Bottom line: This perspective reframes the race for AI progress from a search for a new algorithm to an engineering quest for new data. For developers and founders, this suggests the biggest opportunities lie in building the tools that unlock the next wave of information for AI to learn from.

AI's Toll on Entry-Level Jobs

The Recap: A new UK job market report reveals a stark trend: entry-level job postings have plummeted by 32% since the widespread release of generative AI tools in late 2022.

Unpacked:

  • The decline is especially sharp for recent graduates, with postings for these roles dropping 28.4% compared to last year—the lowest level since mid-2020.

  • While overall wages are rising, competition is intensifying as entry-level positions now constitute just 25% of all advertised jobs, down from nearly 29% two years ago.

  • This shift coincides with companies exploring AI for autonomous business tasks, highlighted by experiments like Anthropic’s Project Vend, where an AI was tasked with managing a small retail shop.

Bottom line: This report provides some of the first concrete data suggesting AI is automating away entry-level tasks rather than just augmenting them. Early-career professionals may need to focus on skills that AI cannot yet replicate to stay competitive.

China's AI Labs Drop New Models

The Recap: Chinese tech giants Tencent and Alibaba are heating up the summer with major model releases.
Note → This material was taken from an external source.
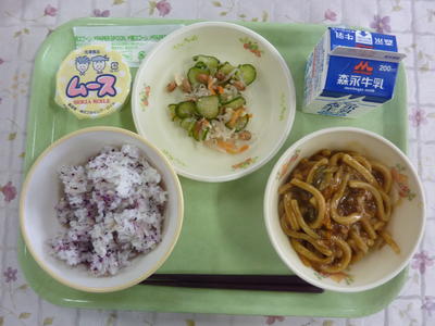 麦ごはん、大豆の磯煮、春雨の酢の物、のりたまふりかけ、牛乳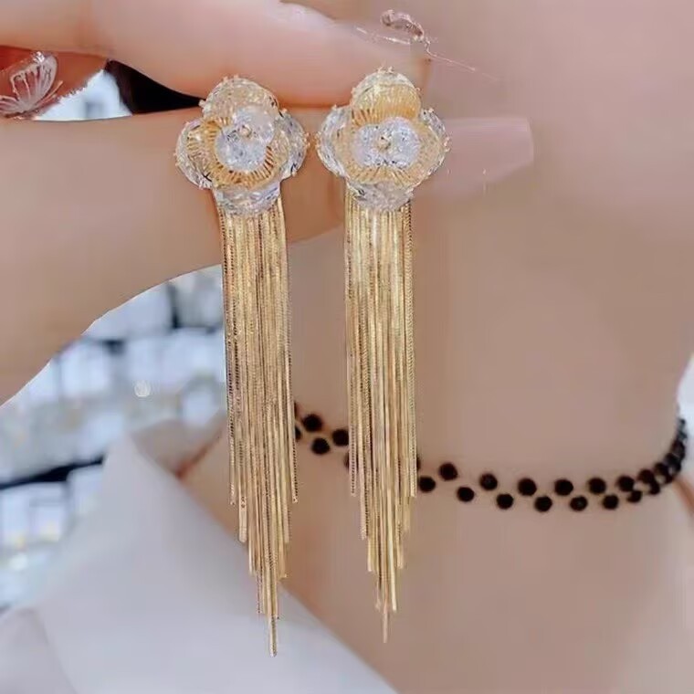 Gold Diamond-Studded Four-Leaf Flower Tassel Earrings for Women, Long Exaggerated Accessories with a Sense of Design, Korean and Japanese Style Earrings Trend

They've dropped an open-source reasoning model rivaling top labs and a creative image model with GPT-4o-like abilities.

Unpacked:

  • Tencent’s new open-source reasoning model, Hunyuan-A13B, uses a Mixture-of-Experts architecture to deliver high performance while being efficient enough to run on a single GPU.

  • Alibaba's Qwen-VLo is a new creative model that can generate images and edit them through natural language, showing its process through "progressive generation."

  • Both models demonstrate impressive capabilities, with Hunyuan-A13B nearing benchmarks of frontier models and Qwen-VLo introducing versatile editing features previously popularized by western labs.

Bottom line: China’s top AI labs continue to produce high-quality models that narrow the gap with industry leaders. These releases give developers powerful new tools and increase competition in the open-source community.

The Shortlist

Meta formed its new Meta Superintelligence Labs by poaching another wave of top researchers from rivals like OpenAI and Google to build out its new superintelligence unit.

Senate Republicans reached a deal on a provision that would pause states from regulating AI for five years, a reduction from the originally proposed 10-year moratorium.

Shopify’s CEO argued that the most critical skill for building AI agents is "Context Engineering"—designing systems that feed LLMs the right information—rather than just "Prompt Engineering."

Alpha School launched its Austin, Texas campus where AI tutors handle core academics in just two hours a day, claiming students are learning at least twice as fast as in traditional schools.